L’AUTRE LIGNE

Climax Paris 2017, Maison de l’architecture Ile-de-France. Nominé.

 

L’Autre Ligne est une fiction. Ian Kame Taverner dérive dans les rues de Paris qui a atteint son climax. Alors qu’il suit la ligne 2 du métromatique aérien entre les stations Jaurès et Stalingrad, il y découvre suspendues à ses poutres métalliques d’étranges structures molles en formation.

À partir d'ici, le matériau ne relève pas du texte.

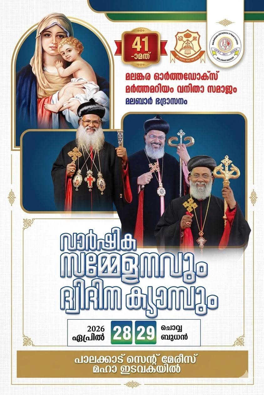മലങ്കര ഓർത്തഡോക്സ് സുറിയാനി സഭവനിതാ സമാജം മലബാർ ഭദ്രാസനംവാർഷിക സമ്മേളനവും ദ്വിദിന ക്യാമ്പും ഏപ്രിൽ 28 29 തീയതികളിൽ പാലക്കാട് സെന്റ് മേരീസ് മഹാ ഇടവകയിൽ വച്ച് നടത്തപ്പെടുന്നു സെന്റ് സ്റ്റീഫൻസ് ഓർത്തഡോക്സ് കത്തീഡ്രൽ കുടശ്ശനാട്, പള്ളി ഭാഗം യുവജനപ്രസ്ഥാനം 5-ാംമത് ജെറിൻ പി ജെയിംസ് മെമ്മോറിയൽ ഇന്റർചർച്ച് ഫുട്ബോൾ ടൂർണ്ണമെന്റ്, മെയ് 2,3 തീയതികളിൽ കോന്നി സെന്റ് ജോർജ് ഓർത്തഡോക്സ് മഹാ ഇടവകയിലെ SDOF പ്രസ്ഥാനത്തിന്റെ ആഭിമുഖ്യത്തിൽ ഇടവകയിലെ 15 വയസ്സിനുശേഷം പ്രായമുള്ള ഇടവക അംഗങ്ങൾക്ക് ആയി ‘ജോർജിയൻ ഭാഗ്യവാൻ’ എന്ന പേരിൽ ഒരു ലക്കിടിപ്പ് പ്രോഗ്രാം നടത്തുവാൻ ആഗ്രഹിക്കുന്നു. ഈ ഞായറാഴ്ച (26/04/2026) വി.കുർബാനയ്ക്കായി ദേവാലയത്തിൽ എത്തുന്നവർ അവരവരുടെ പേരും മേൽവിലാസവും പള്ളിയുടെ പടിഞ്ഞാറ് വശത്ത് ക്രമീകരിക്കുന്ന SDOF കൗണ്ടറിൽ ഏൽപ്പിക്കേണ്ടതാണ്. രാവിലെ 6.30 മണി മുതൽ പേരുകൾ നൽകുവാനുള്ള അവസരം ഉണ്ടാകും.വി. കുർബാനയ്ക്കു…

Minuit venait de passer, mais l’air ambiant était encore lourd et chaud. Défilant sur ses rétines électro-sensibles, les algorithmes prédicateurs n’arrêtaient pas de soumettre son cerveau artificiel à de nouvelles données ; mais aucune ne voulait changer le cours des choses. Cela faisait maintenant plus d’une semaine que Ian n’était pas sorti de chez lui — même depuis l’intérieur cartographié de son sommeil hypodermique. L’atmosphère rafraichie de son appartement n° XB15 était devenue un véritable dopant anxiogène. Mais cette nuit-là, il en avait envie, il irait déambuler dans les rues noires à la dérive.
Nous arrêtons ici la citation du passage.